Haha one of my other buddies went on Thurs and said the same thing. I told him they would let us buy more then two to begin with! I would try to double that number! :lol:


----------



## hunt4P&amp;Y

Well, I don't get to sit in my tree. 

I don't know how much I will be getting out now. The main reason I liked it so much is I could be in my stand in 3 min... Now I have a 30 min drive to get up North and then walk out to a stand. I am kinda bummed. I would much rather drive the 35 min to get to my stand out of town and shoot extra does and have a chance at a buck.

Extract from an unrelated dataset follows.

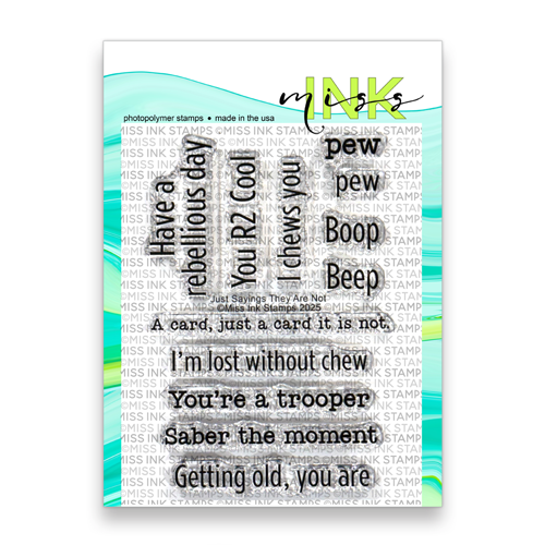 This set of sayings is made to go with our Beep Boop Bot layering stencil and Star Fighters mini-dies, but is perfect for anyone feeling rebellious. This is a 3x4: inch clear stamp set.

I am really bummed out over this whole deal.


----------



## walkswithwhispers

Dang, that's too bad. I haven't found out yet where I'll be. I'll let you know.


----------



## walkswithwhispers

Well, just got the mail and it seems I'll be on the south end. Even though it's a whole heck of a lot closer I'm really disappointed that you won't be around hunt4p&y. I was really looking forward to that. I'd offer to help you out with the north unit but it's pretty cut and dry. I would however advise you to maybe not hang too many stands in Holm park. Space is pretty limited on the north portion of the park and there are 30 guys with permits up there and not too many good trees to hang a stand. Last year the deer really held up on peterson's property or on the south part of Holm. If I would have gotten my permit for the north end I would have contacted the seminary right away. They will only give you permission for one month and you have to get it a month in advance. They only give it to 6 archers per month. I'd go up there early in the morning or at dusk and pattern when and where the deer travel in and out of that peninsula. You also won't have to deal with pedestrians at the seminary.


----------



## walkswithwhispers

My stand is up and my lanes are trimmed. :beer:


----------



## hunt4P&amp;Y

I am going to try and get in at the seminary. But I hate to say it if I don't I will be hunting down south with my video camera instead. Kinda sad, I was really looking forward to sitting in my spot down there.


----------



## walkswithwhispers

hutn4p&y,

I hope that the info I gave you on the North unit wasn't too discouraging. I was just hoping to highlight some possible issues that you MAY encounter. Overall I had a good experience in Holm Park last year. I'm glad to be down south because it's closer but I would have been just as happy in my stand in Holm Park. I got my 2 deer in 8 trips only becuase I was dinking around too much one day and missed an easy shot and then passed on another. If a guy played it right he could fill 2 tags in 2 trips up there. Good hunting and Godspeed! :beer:


----------



## USSapper

Ill be in the south unit. Mike, you gunna show me around?


----------



## walkswithwhispers

hunt4p&y,

you have any stands up north yet? I just got my hall pass from fargo parks. Turns out I got the go ahead to hunt North River Park, north of Fargo. That's kind of exciting as I didn't think I'd have any time to chase bucks this year. I'm going to go check it out on Thursday. If you're not set up yet I'd be happy to help you out as I'll be heading that way anyhow.


----------



## hunt4P&amp;Y

I haven't gotten anything yet.... Not sure how much I will be up there. Walked around alittle of it, and I wasn't really feeling it.


----------



## walkswithwhispers

Come on, don't get down about it. You've just gotten a little spoiled. Heck, I sure have. You remember 10 or 15 years ago when you'd put in for a rifle tag in some units and be happy to get a shot at any deer, even if it was a doe.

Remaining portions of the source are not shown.